Алексей очень хорошо помнил этот разговор. Целый день родственники провели на речной прогулке вокруг самой большой гавани Европы Дуйспорт, столько эмоций и впечатлений, что спать не хотелось. Вся компания собралась на лужайке перед домом. Алексей расстелил небольшую льняную скатерть, достал складные стулья, и все трое пили пиво, закусывая хрустящими палочками.

– Привык, Леха? – Василий сделал два больших глотка. Алексей от души порадовался, немцы так смачно пить не умеют. Для них что, пиво и пиво, вон каждый день можно выпить. А здесь – праздник!

– Приспособился, Вась.

– Вот и я о том. Вот жили мы с Зоей, был у нас домик, небольшой, сад был. Ну, ты помнишь, виноград у меня рос, абрикосы. Ты помнишь мои абрикосы? А виноград помнишь?

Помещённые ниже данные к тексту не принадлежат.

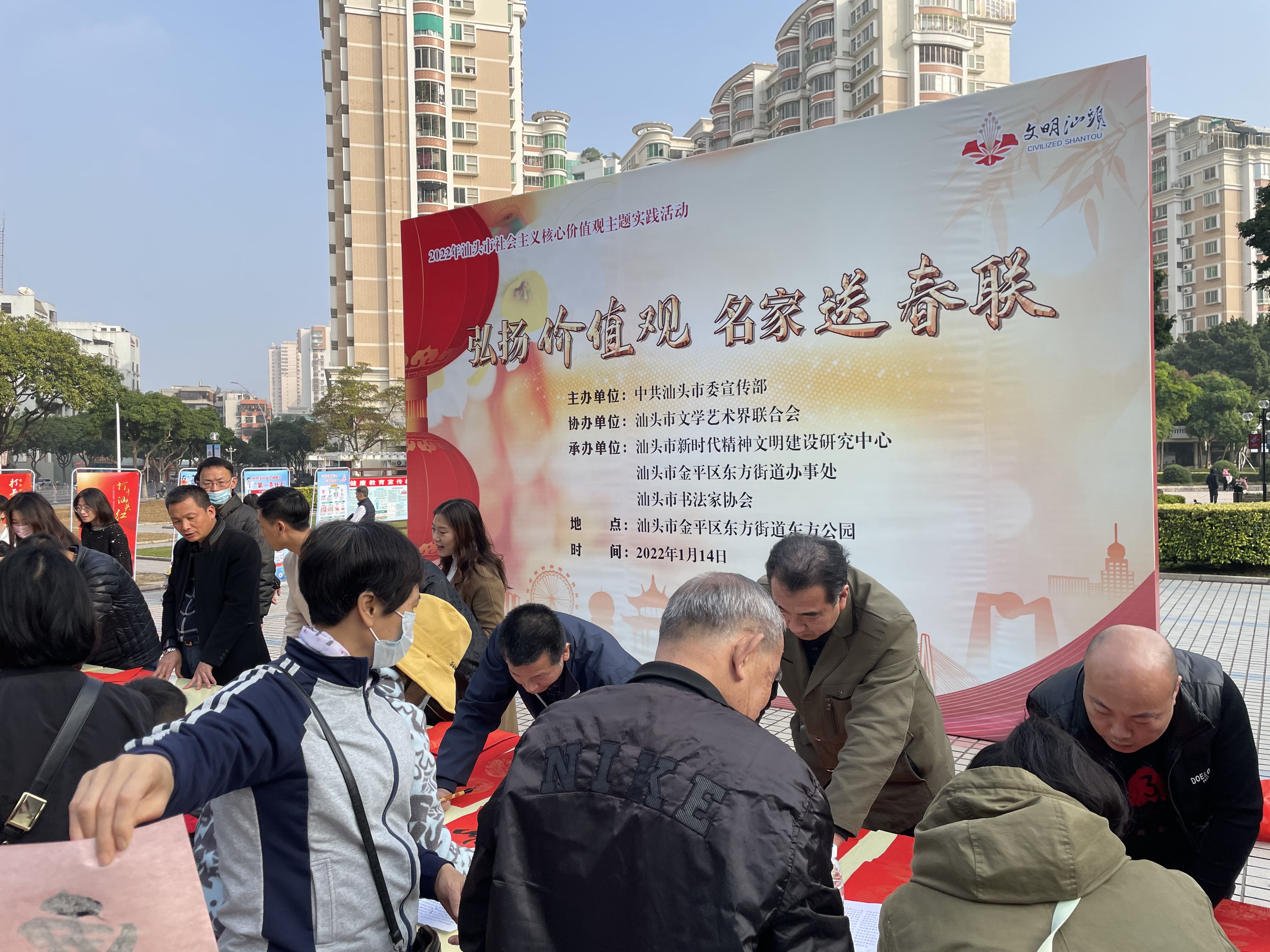 2022年春節(jié)將至,為弘揚社會主義核心價值觀,傳承優(yōu)秀傳統文化,宣傳黨的十九屆六中全會精神,豐富群眾節(jié)日文化生活,營造喜慶、祥和、文明的節(jié)日氛圍,1月14日下午,由市委宣傳部主辦,市新時代精神文明建設研究中心、東方街道辦事處、市書法家協會承辦,市文聯協辦的“弘揚價值觀 名家送春聯”主題活動在金平區(qū)東方公園開展。

Леша кивал, он был бесконечно рад своим гостям. Почему они так долго не приезжали, или он их не приглашал? Да нет, конечно, приглашал, только собраться ведь – это целое дело, не говоря уже про приглашения и получение виз. И потом, вот именно, был этот дом, и сад, и виноград, и нельзя было все это бросить. То за урожаем ухаживали, то его собирали, потом стерегли дом, чтобы не обокрали. И вот переехали к сыну в Москву, чужое стеречь неохота, сразу и выбрались к Алексею в гости.

Друзья любовались на яркие звезды в немецком небе, удивлялись необыкновенной тишине – даже собаки не лают – и вспоминали, вспоминали.

– А вино, вино мое помнишь? Ни у кого такого вина не было! Продали дом с лету. Очередь стояла, аукцион устроили!

– Вася, да ладно тебе! – Зоя пыталась перевести разговор на другую тему. – А смотрю, у вас никто огород не разводит, одна трава сплошная, Алеша, почему, а? Ленивые, я так думаю.

– Немцы? Ленивые?! – Вася аж подскочил на стуле. – Ну, ты, мать, даешь! Ты посмотри, какая везде чистота, стерильность прямо-таки. И все улыбаются, у всех прекрасное настроение. Даже в Ахтубинске не так. А сейчас как мы живем, я тебе, Лешка, передать не могу. Посадил Саня нас с матерью за высокий забор, и сидим там, друг на друга целый день смотрим. Ни выйти, ни войти. Дурдом. Нет, ну я не выдержал, в первый же день пошел стучать в соседские калитки. Так ты представляешь, чучмек какой-то выскочил, на поводке у него волкодав, и кричит: «Уйди, уйди!» Говорю: «Почему я должен уходить, я ваш сосед, молодой человек, пришел с вами познакомиться». А он сквозь лай этот звериный: уйди да уйди. У вас тоже тут так?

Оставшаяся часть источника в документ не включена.